DATASET RECORDS
***
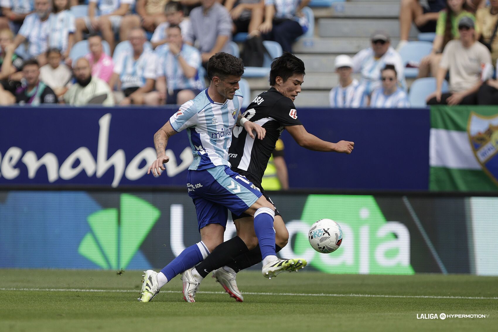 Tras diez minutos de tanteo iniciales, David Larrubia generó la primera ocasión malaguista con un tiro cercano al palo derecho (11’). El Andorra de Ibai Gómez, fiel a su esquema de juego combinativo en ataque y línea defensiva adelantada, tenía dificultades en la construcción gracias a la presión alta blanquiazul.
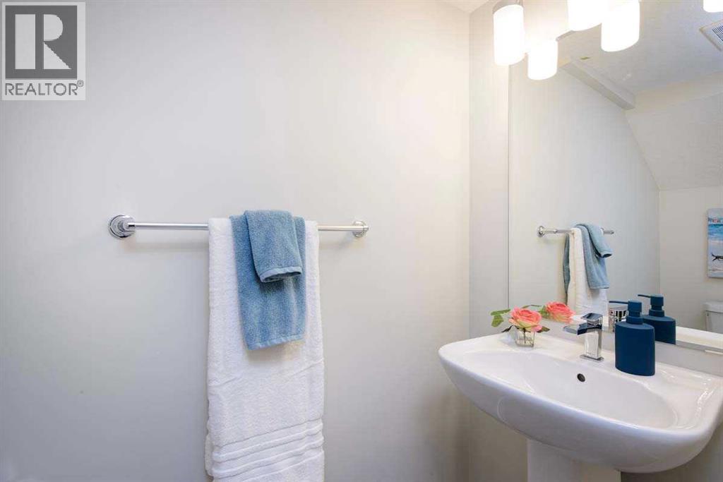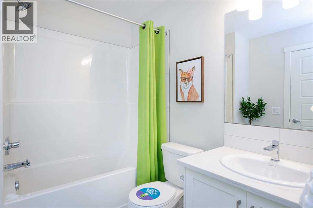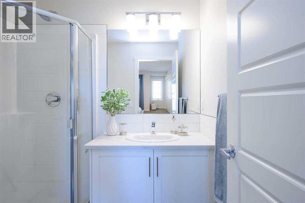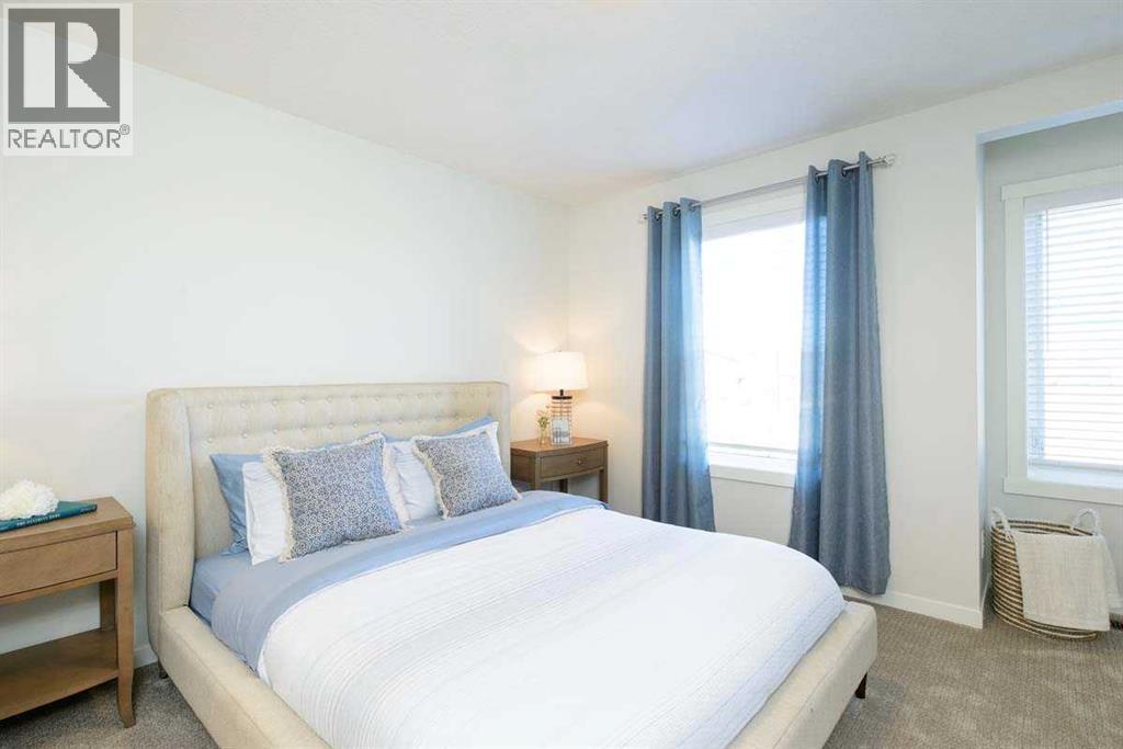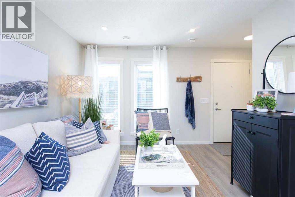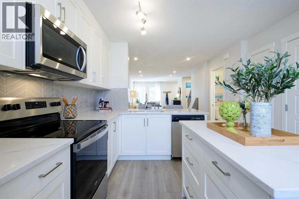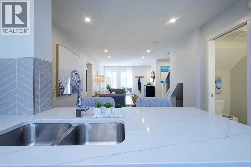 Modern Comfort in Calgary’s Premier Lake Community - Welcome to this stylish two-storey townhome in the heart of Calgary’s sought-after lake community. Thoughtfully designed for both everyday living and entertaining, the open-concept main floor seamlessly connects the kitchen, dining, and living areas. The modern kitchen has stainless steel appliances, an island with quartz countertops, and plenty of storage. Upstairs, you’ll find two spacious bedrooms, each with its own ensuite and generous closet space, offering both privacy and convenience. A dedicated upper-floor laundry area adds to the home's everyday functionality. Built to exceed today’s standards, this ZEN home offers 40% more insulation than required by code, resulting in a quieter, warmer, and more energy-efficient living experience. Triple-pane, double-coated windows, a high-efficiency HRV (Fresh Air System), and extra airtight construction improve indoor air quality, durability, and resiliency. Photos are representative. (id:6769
***
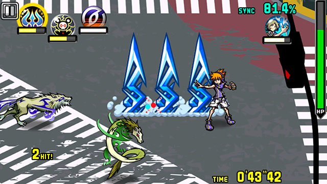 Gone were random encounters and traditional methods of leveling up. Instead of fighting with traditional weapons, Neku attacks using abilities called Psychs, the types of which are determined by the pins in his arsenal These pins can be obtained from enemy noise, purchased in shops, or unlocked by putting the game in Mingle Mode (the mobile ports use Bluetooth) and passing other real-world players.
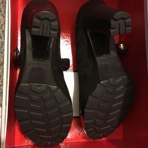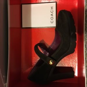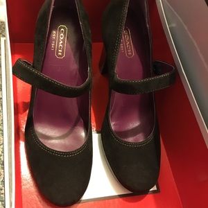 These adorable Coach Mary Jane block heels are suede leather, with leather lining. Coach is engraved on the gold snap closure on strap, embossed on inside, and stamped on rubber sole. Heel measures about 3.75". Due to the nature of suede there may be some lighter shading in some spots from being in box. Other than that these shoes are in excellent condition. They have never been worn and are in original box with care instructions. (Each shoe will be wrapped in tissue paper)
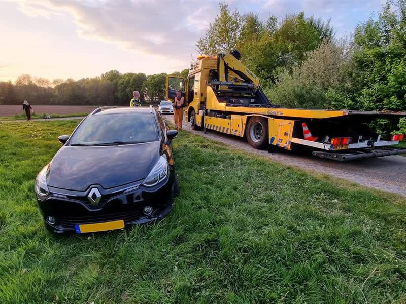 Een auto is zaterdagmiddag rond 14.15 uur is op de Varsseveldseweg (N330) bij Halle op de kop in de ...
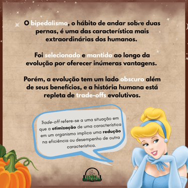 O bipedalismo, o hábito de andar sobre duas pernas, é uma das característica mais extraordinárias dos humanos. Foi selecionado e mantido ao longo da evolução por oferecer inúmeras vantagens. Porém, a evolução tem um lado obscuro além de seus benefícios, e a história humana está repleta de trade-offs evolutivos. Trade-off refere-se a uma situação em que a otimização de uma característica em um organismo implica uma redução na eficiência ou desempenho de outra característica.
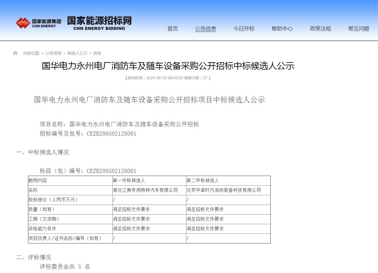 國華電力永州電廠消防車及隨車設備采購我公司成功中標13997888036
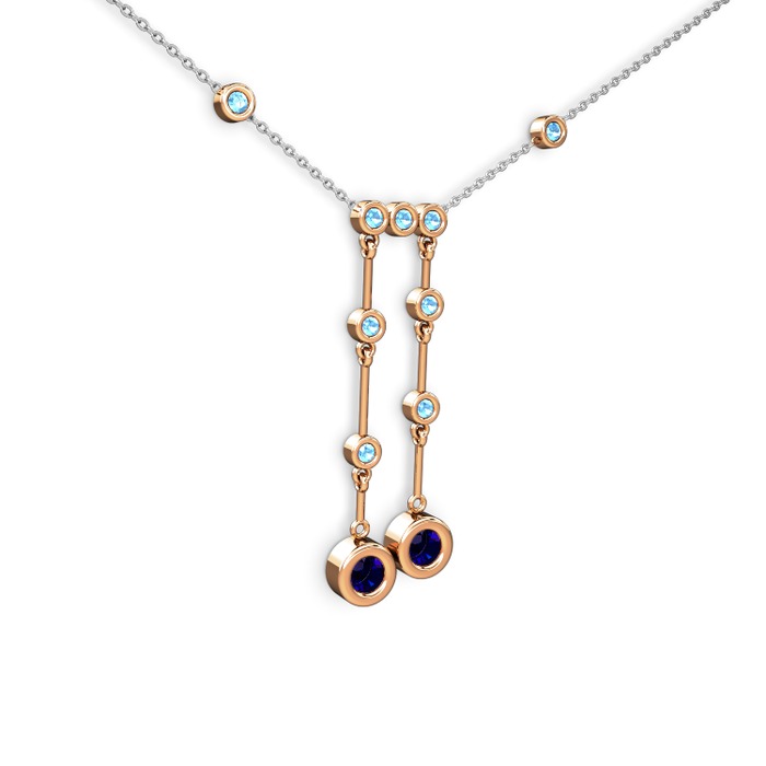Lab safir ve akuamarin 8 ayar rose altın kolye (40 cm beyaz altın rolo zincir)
***
WHAT YOU WILL DO
With the pictures left out, write out exactly the lines above from the one containing "Gone were random" through the one containing "Een auto is".

SOLUTION BELOW
 Gone were random encounters and traditional methods of leveling up. Instead of fighting with traditional weapons, Neku attacks using abilities called Psychs, the types of which are determined by the pins in his arsenal These pins can be obtained from enemy noise, purchased in shops, or unlocked by putting the game in Mingle Mode (the mobile ports use Bluetooth) and passing other real-world players.
 These adorable Coach Mary Jane block heels are suede leather, with leather lining. Coach is engraved on the gold snap closure on strap, embossed on inside, and stamped on rubber sole. Heel measures about 3.75". Due to the nature of suede there may be some lighter shading in some spots from being in box. Other than that these shoes are in excellent condition. They have never been worn and are in original box with care instructions. (Each shoe will be wrapped in tissue paper)
 Een auto is zaterdagmiddag rond 14.15 uur is op de Varsseveldseweg (N330) bij Halle op de kop in de ...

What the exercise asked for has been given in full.